## Question 1:

    **Implement BLEU Score metric. Pre-process the text by lower-casing the text and removing punctuation.**


In [6]:
from collections import Counter
import numpy as np

class BleuTextEvaluator:
    def preprocess_text(self, text):
        """
        Preprocesses text by lowercasing and removing punctuation.
        Args:
            text: The text to preprocess.
        Returns:
            The preprocessed text.
        """
        # Lowercase the text
        text = text.lower()
        # Remove punctuation
        text = ''.join([char for char in text if char.isalnum() or char == ' '])
        return text

    def calculate_modified_precision(self, reference_sentence, generated_sentence, n):
        """
        Calculate modified precision of n-grams between a reference sentence
        and a generated sentence.

        Args:
        reference_sentence (str): The reference sentence.
        generated_sentence (str): The generated sentence to be evaluated.
        n (int): The size of the n-grams.

        Returns:
        float: Modified precision score.
        """

        # Tokenize reference and generated sentences
        reference_tokens = self.preprocess_text(reference_sentence).split()
        generated_tokens = self.preprocess_text(generated_sentence).split()

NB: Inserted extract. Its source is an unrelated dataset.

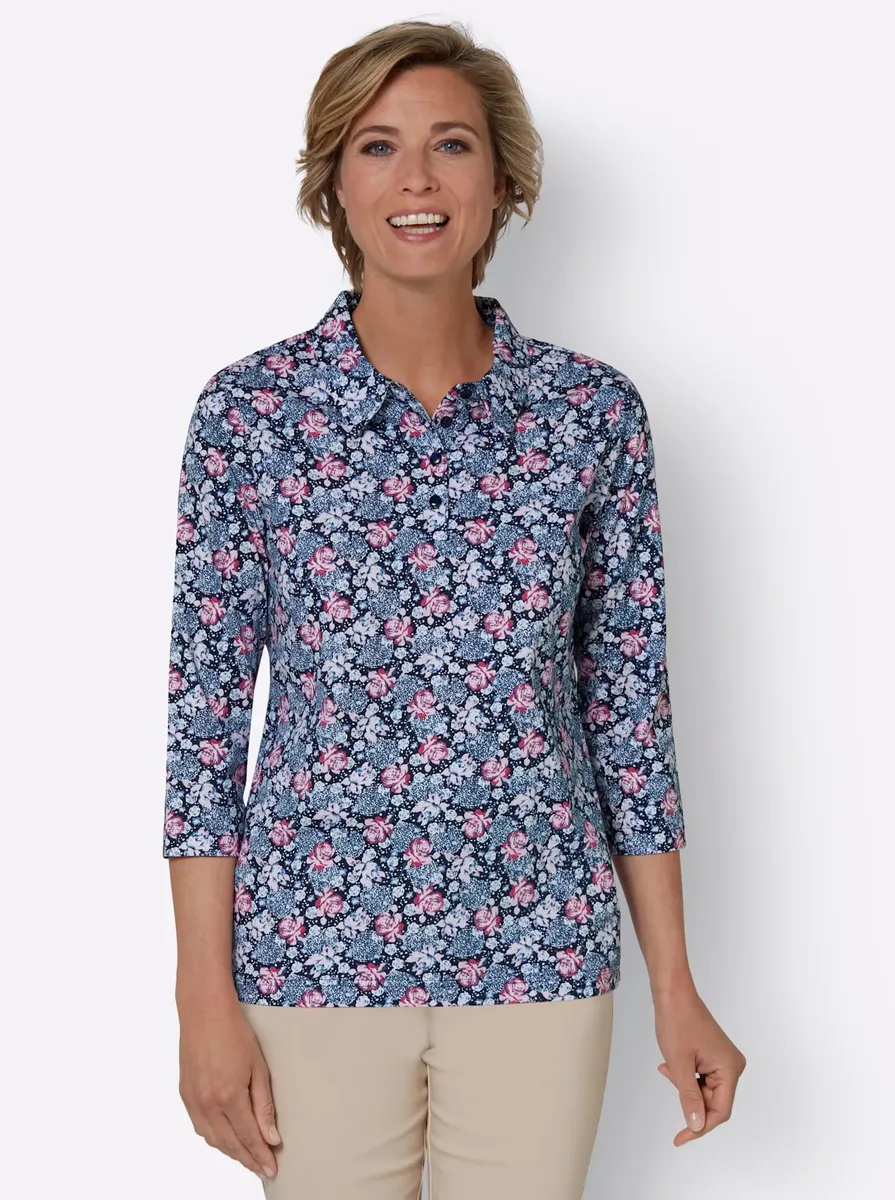 Рубашка-поло с цветочным узором, вдохновленная природой. С воротником-поло, короткой планкой на пуговицах и рукавами длиной 3/4. 100% хлопок. Машинная стирка.

        # Create n-grams for reference and generated sentences
        reference_ngrams = [tuple(reference_tokens[i:i+n]) for i in range(len(reference_tokens)-n+1)]
        generated_ngrams = [tuple(generated_tokens[i:i+n]) for i in range(len(generated_tokens)-n+1)]

        # Count n-grams occurrences
        reference_counts = Counter(reference_ngrams)
        generated_counts = Counter(generated_ngrams)

        # Calculate clipped counts and total counts
        clipped_counts = sum(min(generated_counts[ngram], reference_counts[ngram]) for ngram in generated_counts)
        total_counts = sum(generated_counts.values())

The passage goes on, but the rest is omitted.